- Born: 14 August 1958 (age 68) Melbourne, Australia
- Education: Monash University, University of New South Wales, RMIT University
- Known for: Chief Information Officer at Telstra
- Awards: Pearcey Award

= Fiona Balfour =

Australian business executive

Fiona Elizabeth Balfour (born 14 August 1958) is an Australian business executive in the field of information technology. She has been named Chief Information Officer of the Year in Australia four times: 2003, 2004, 2005, and 2006. In 2006 she was awarded the Pearcey Award for distinguished lifetime achievement and contribution to the development and growth of Australian IT professions, research and industry. In 2017 she was appointed to the board of the Western Sydney Airport Corporation by Urban Infrastructure Minister Paul Fletcher. In May 2021 she was appointed to the board of the Australian Broadcasting Corporation by communications minister Paul Fletcher against the recommendations of an independent panel.

==Life==
Balfour was born in Melbourne, Australia, and completed a bachelor of arts degree in English and history at Monash University in 1979. She initially worked in the public sector, in the Victorian State Public Service followed by the Commonwealth Government, in roles related to project management and project leadership. From 1985 to 1991 she worked in management consulting and continued her studies with a Graduate Diploma in Information Management from the University of New South Wales and an MBA from RMIT University.

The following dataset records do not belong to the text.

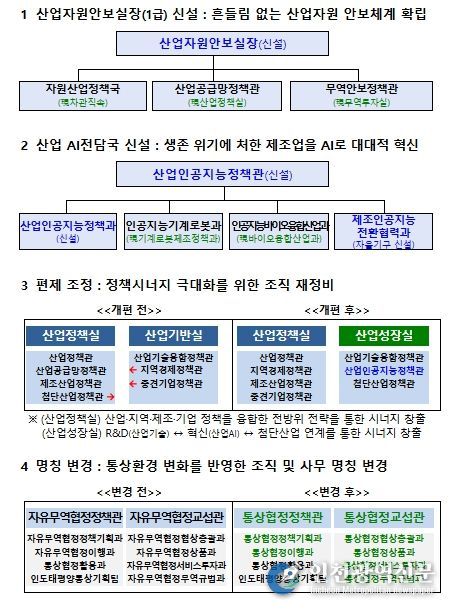 이번 조직개편은 국민주권정부 국정과제의 속도감 있는 이행을 위한 조직 기능 강화와 에너지기능 분리 이후 자원산업 재배치, 지역 성장 및 기업 활력 제고 등 정책시너지 창출을 위한 조직 재정비 차원에서 마련됐다.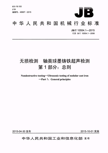 JB/T 10554.1-2015 無損檢測 軸類球墨鑄鐵超聲檢測 第1部分:...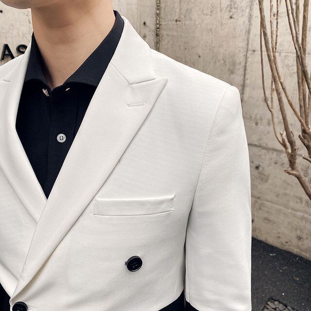 【予約販売】メンズ スーツ ダブル レトロ ツートン バイカラー シック スリム きれいめ 男前 ホワイト レッド フォーマル ジャケット パンツ セット セットアップ パーティ 二次会 同窓会 結婚式 韓国 トレンド 大きいサイズ M/L/XL/2XL
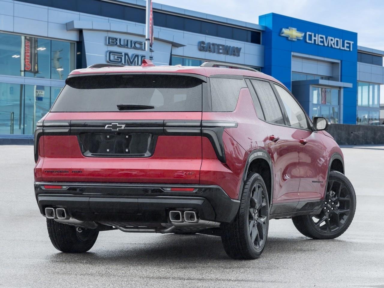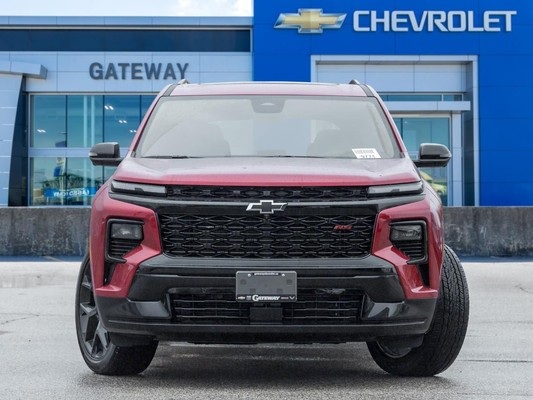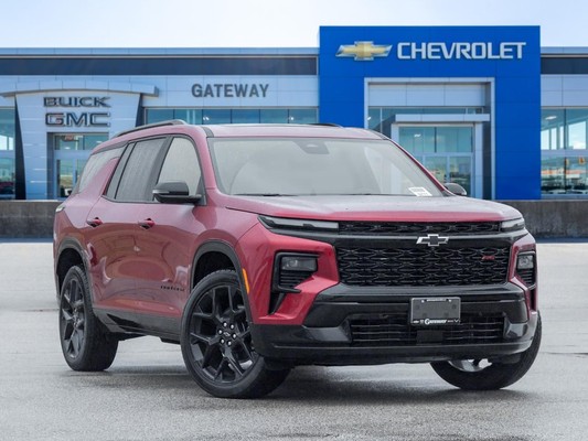 The 2026 Chevrolet Traverse RS commands attention in a bold Red finish that amplifies its aggressive, sport-inspired design and wide, planted stance. Its blacked-out RS accents, sculpted body lines, and sharp LED lighting create a forward-leaning profile that feels fast even at a standstill. Riding on 22-inch alloy wheels, the Traverse RS projects athletic confidence with unmistakable presence.Power comes from a 2.5 L turbocharged 4-cylinder engine paired with an 8-speed automatic transmission and all-wheel-drive capability. The result is strong acceleration, impressive 328 horsepower, and confident traction that delivers composed handling and up to 5,000 lbs of towing capability when properly equipped.Inside, the cabin blends sport styling with modern technology and everyday usability. Heated front seats, a heated steering wheel, and tri-zone automatic climate control create a comfortable environment across all three rows. A massive 17.7-inch infotainment display integrates Google built-in with navigation, wireless Apple CarPlay and Android Auto, Bluetooth hands-free functionality, and a premium audio system. A surround-view camera system, digital driver display, and advanced safety features like blind zone steering assist and rear cross-traffic braking enhance awareness and confidence on every drive.Make your way into Gateway Chevrolet Buick GMC and see this 2026 Chevrolet Traverse RS today!At Gateway Chevrolet, get stress-free buying with market based pricing, full disclosure & transparency, and nationwide shipping. All trade-ins are welcome & we provide financing to those w/no credit, bad credit, or new to the country. Explore our selection of quality used cars, trucks, and SUVs at Gateway Chevrolet Buick GMC. With over 45 vehicles in stock and easy online trade-in valuation, finding your next ride has never been easier.

In 1992, Balfour joined Qantas and held a variety of positions before being appointed Chief Information Officer and a member of the Qantas Executive Committee in 2001. In 2003, her roles was expanded to include IT, procurement, property, financial services, and human resources services.

In 2006, she was appointed Chief Information Officer at Telstra, a position she held for ten months. Balfour went on to hold a number of non-executive director positions and to teach at the University of New South Wales Business School. Balfour joined ABC board in 2021.

Balfour was appointed as a Member of the Order of Australia in the 2023 King's Birthday Honours for "significant service to corporate governance, and to the aviation sector".